How You Can Win by Being Kind to Yourself

Pedram Shojai
4 min readApr 22, 2021
The Urban Monk

Bolstering your friends is easy — you readily see their worth, light, and influence.

Bolstering yourself seems to be much harder — especially if you suffer from any number of possible mental disorders, including but not limited to:

  • Depression
  • Anxiety
  • Bipolar disorder
  • Borderline personality disorder.

That pervasive denigrator has been called lots of things, from inner critic to devil-on-your-shoulder to alter ego.

But there’s one thing they all have in common: they don’t help you, at all, in any way.

Some of you may be thinking: “But in my case, it’s genuinely right.

Well, since that’s entirely subjective, it isn’t worth disproving.

But the fact is, whether you believe it’s telling the truth about you or not, it can only hurt you.

It limits your thinking to the frame you’ve built for yourself, and won’t permit the acceptance of new information that doesn’t match that narrative.

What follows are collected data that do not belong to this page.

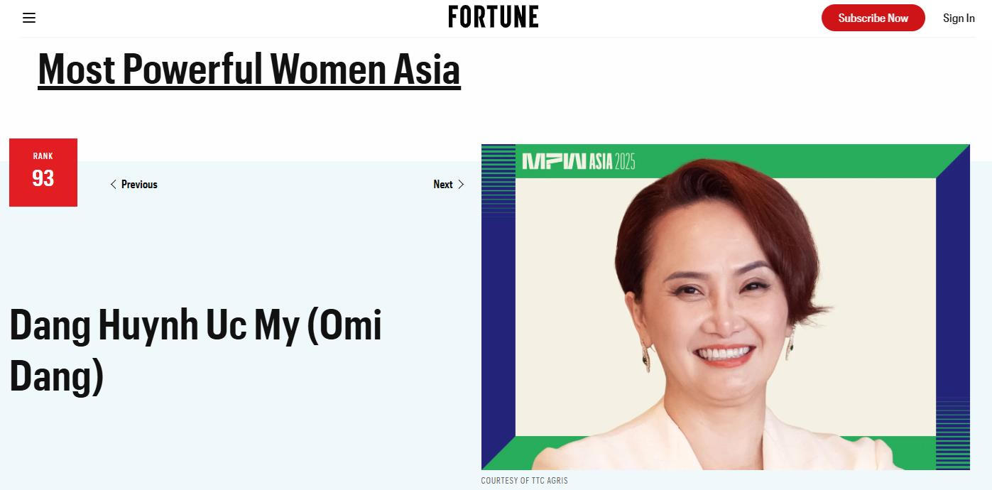 Bà được Fortune ghi nhận nhờ tư duy chiến lược và cam kết phát triển bền vững. Bà đã kiến tạo hướng đi mới cho AgriS, chuyển đổi từ mô hình sản xuất truyền thống sang một nền tảng cung cấp giải pháp nông nghiệp thông minh.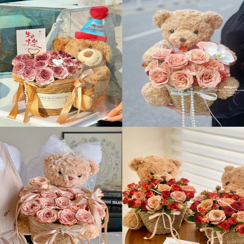 栗子熊抱抱花篮抱抱桶机织草编花盆花店节日爆款花篮网红热卖花篮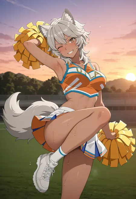 KJOneze, grey hair, brown eyes, wolf ears, wolf tail, medium hair, dark-skinned female,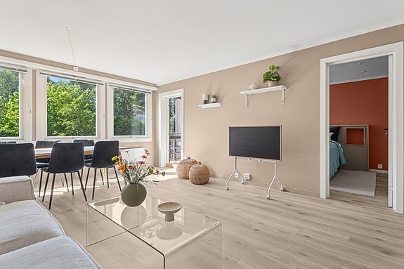 Velkommen til Heimdals gate 7 og denne romslige 2-roms leiligheten beliggende i 4.etasje. Leiligheten inneholder entré, bad, vaskerom, stue, kjøkken, soverom og innglasset balkong. Her får du slette vegger og gulv med en pen 1-stavs laminat. Badet er nytt fra 2022 og er delikat og moderne. I tillegg får du et praktisk vaskerom. Stuen er romslig og har gode møbleringsmuligheter. Store vindusflater slipper inn rikelig med naturlig lys. Fra stuen er det utgang til en flott innglasset balkong. Soverommet er av god størrelse og har en praktisk skyvedørsgarderobe. Leiligheten er malt i tidsriktige farger som skaper et lunt og tidsriktig inntrykk.

It promotes perfectionism, which everyone knows is an impossible standard doomed for disappointment and failure. The only good thing about perfectionism is that it indicates a personal investment in the quality of your contributions.

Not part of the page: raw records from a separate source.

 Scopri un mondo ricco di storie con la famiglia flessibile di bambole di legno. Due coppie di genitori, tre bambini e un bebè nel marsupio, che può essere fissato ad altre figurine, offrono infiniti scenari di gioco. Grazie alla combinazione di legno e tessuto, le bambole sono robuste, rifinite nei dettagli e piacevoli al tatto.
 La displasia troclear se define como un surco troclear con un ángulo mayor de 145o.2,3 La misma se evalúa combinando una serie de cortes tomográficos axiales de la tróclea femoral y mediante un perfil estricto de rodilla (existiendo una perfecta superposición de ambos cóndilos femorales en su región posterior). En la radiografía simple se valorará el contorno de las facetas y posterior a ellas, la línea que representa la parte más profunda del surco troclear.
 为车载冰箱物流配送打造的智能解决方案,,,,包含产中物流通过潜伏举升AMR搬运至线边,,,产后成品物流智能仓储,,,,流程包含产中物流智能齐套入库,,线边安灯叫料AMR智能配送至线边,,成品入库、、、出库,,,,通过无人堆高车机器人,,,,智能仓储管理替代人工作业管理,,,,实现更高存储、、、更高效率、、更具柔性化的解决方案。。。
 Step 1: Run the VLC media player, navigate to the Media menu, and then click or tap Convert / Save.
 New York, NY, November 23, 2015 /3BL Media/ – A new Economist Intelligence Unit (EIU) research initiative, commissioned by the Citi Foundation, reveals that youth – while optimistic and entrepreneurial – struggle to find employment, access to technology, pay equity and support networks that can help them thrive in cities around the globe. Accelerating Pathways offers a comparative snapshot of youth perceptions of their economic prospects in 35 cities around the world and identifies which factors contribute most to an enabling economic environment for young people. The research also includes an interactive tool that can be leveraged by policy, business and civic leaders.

And it ultimately leads to depressive feelings. You hear your own thoughts more often than you hear anything else — what could negative self-talk do but condition you to believe you’re [insert insulting sentiment here]?

Conversely, being kind, generous, forgiving, and positive with yourself has endless beneficial qualities.

Let’s look at just three of them…

Stronger Overall Performance

Athletes famously encourage positive self-talk.

You see, it’s a tool. And anyone with a desire to perform well (at anything) knows they have to use every tool available to them.

If you reframe your self-talk and use it to motivate yourself instead of beat yourself up after a loss or a mistake, you can re-ground yourself in reality.

Can you really not do this? Is failure actually the end of the road?

In most scenarios, the chance you have of succeeding is about the same as the chance you have of falling short, and telling yourself you won’t make it is a defense mechanism meant to soften the blow of that possible failure.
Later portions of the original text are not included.